Well Being over Ethernet Reply

Guest Author: Andrew Patterson, Business Development Director for Mentor Graphics’ embedded software division (Thank you, Andrew!)

Mentor Embedded on the NXP Smarter World Truck 2017

Mentor Embedded on the NXP Smarter World Truck 2017

One of the larger commercial vehicles present at CES 2017 was the NXP® Smarter World Truck – an 18-wheeler parked right outside the Convention Center.  It contained over 100 demonstrations making use of NXP products showing some of the latest innovations in home-automation, medical, industrial and other fields.  Mentor Embedded, together with RTI, worked with NXP to set up a medical demonstration that showed data aggregation in real-time from medical sensors. By collecting medical data, and analyzing it in real time, either locally or in a back-office cloud, a much quicker and more accurate diagnosis of any medical condition can be possible.  Mentor Embedded’s aggregation gateway made use of the multicore NXP i.MX6, a well-established platform, running our own secure Mentor Embedded Linux®.  The technology we specifically wanted to highlight in this example was DDS (Data Distribution Service), implemented by RTI’s Connext® DDS Professional.  The DDS communication protocol, based on a physical Ethernet network, allows multiple sensor nodes to link to a hub or gateway, so it is appropriate for many medical and industrial applications where multi-node data needs to be collected securely and reliably.

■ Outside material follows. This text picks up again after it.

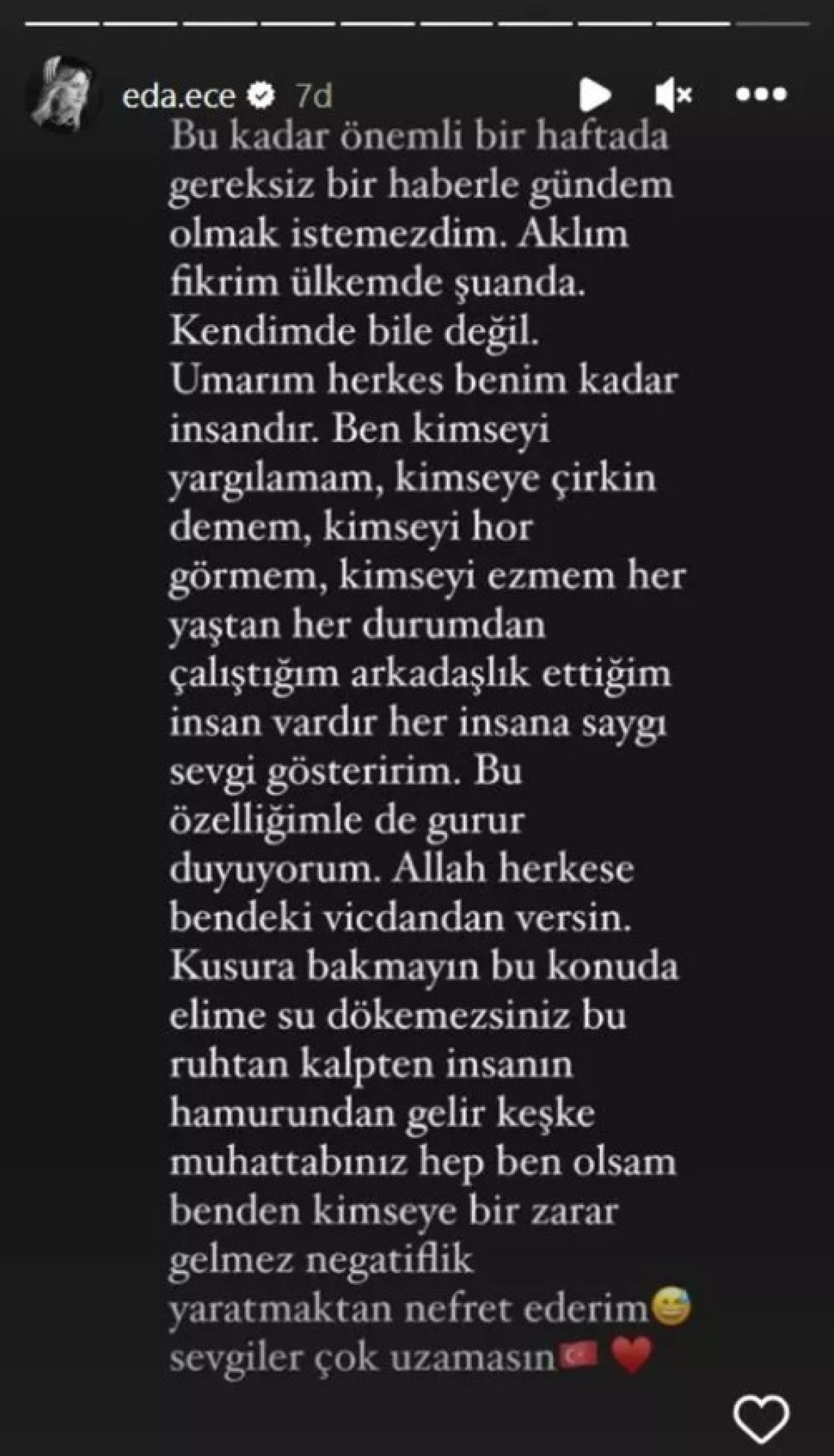 Bu kadar önemli bir haftada gereksiz bir haberle gündem olmak istemezdim. Aklım fikrim ülkemde şu anda. Kendimde bile değil. Umarım herkes benim kadar insandır. Ben kimseyi yargılamam, kimseye çirkin demem, kimseyi hor görmem, kimseyi ezmem her yaştan her durumdan çalıştığım arkadaşlık ettiğim insan vardır. Her insana saygı sevgi gösteririm. Bu özelliğimle de gurur duyuyorum. Allah herkese bendeki vicdandan versin. Kusura bakmayın bu konuda elime su dökemezsiniz. Bu ruhtan, kalpten insanın hamurundan gelir. Keşke muhatabınız hep ben olsam benden kimseye bir zarar gelmez, negatiflik yaratmaktan nefret ederim. Sevgiler çok uzamasın.

Traditional patient monitoring systems have made use of client/server architectures, but these can be inflexible if reconfiguration changes are needed, and they don’t necessarily scale to a large number of clients in a large-scale medical or industrial installation. DDS uses a “publisher” and “subscriber” concept – it is easy to add new publishers and subscribers to the network without any other architecture changes, so the system is scalable.


In the publish-subscribe model there is no central data server – data flows directly from the patient monitor source to the gateway destination.  In our demo medical system, the data sources are individual sensors that put data onto the Ethernet network when the new readings are available.  Data is tagged for reading and accessed by any registered subscriber.  Once received by the subscriber gateway, the data can be uploaded to a cloud resource for further analysis and comparisons made with historical readings. Further trend analysis can be made over time.

The process for adding a new node to a publish-subscribe network is straightforward. A new data element announces itself to the network when it attaches, optionally describing the types and formats of the data it provides. Subscribers then identify themselves to the data source to complete the system reconfiguration.

Mentor Embedded and RTI medical applications demo where multi-node data needs to be collected securely and reliably

Mentor Embedded and RTI medical applications demo where multi-node data needs to be collected securely and reliably

DDS provides a range of communication data services to support a variety of application needs, ranging from guaranteed command and control, to real-time data transmission. For example, if it is required to send a “halt” command to a specific node, there is a data service type that guarantees error-free delivery, so sensor data transmission stops immediately. There are also time-sensitive modes, useful when there is time-sensitive data, which require minimum network latency.  Less time-critical data can make use of a “best effort” service, where transmission is scheduled as a lower priority than the time-sensitive communication.

Our demonstration setup is shown in the picture on the left in the NXP Smarter World Truck 2017. The NXP i.MX6 quad core system was linked to a 10” touch-screen display, showing patient graphs.  The Mentor Embedded Linux operating system included the RTI Connext DDS protocol stack, the necessary drivers for high-performance graphics, and the Ethernet network connections. Other options include a fastboot capability and wireless communication links for cloud-connectivity.  For more information please visit Mentor Embedded Linux.

To see when the NXP Smarter World Truck is coming near you, visit the schedule at iot.nxp.com/americas/schedule – it is being updated frequently, so keep a watch on it!

Linux is the registered trademark of Linus Torvalds in the U.S. and other countries.

How to Integrate RTI Connext DDS Micro with Container-Based Applications [tutorial] 2

integration of container based apps with connext dds

Container-based microservices are all the rage as software architects and engineers work to bring the flexibility and scalability of the cloud to the edge. To support real-time communication between those microservices with a guaranteed Quality of Service (QoS), DDS makes the perfect companion. This post covers the steps necessary to integrate RTI Connext DDS Micro with container-based applications. The steps required and benefits of the technology will be described in the context of a simple publisher/subscriber example.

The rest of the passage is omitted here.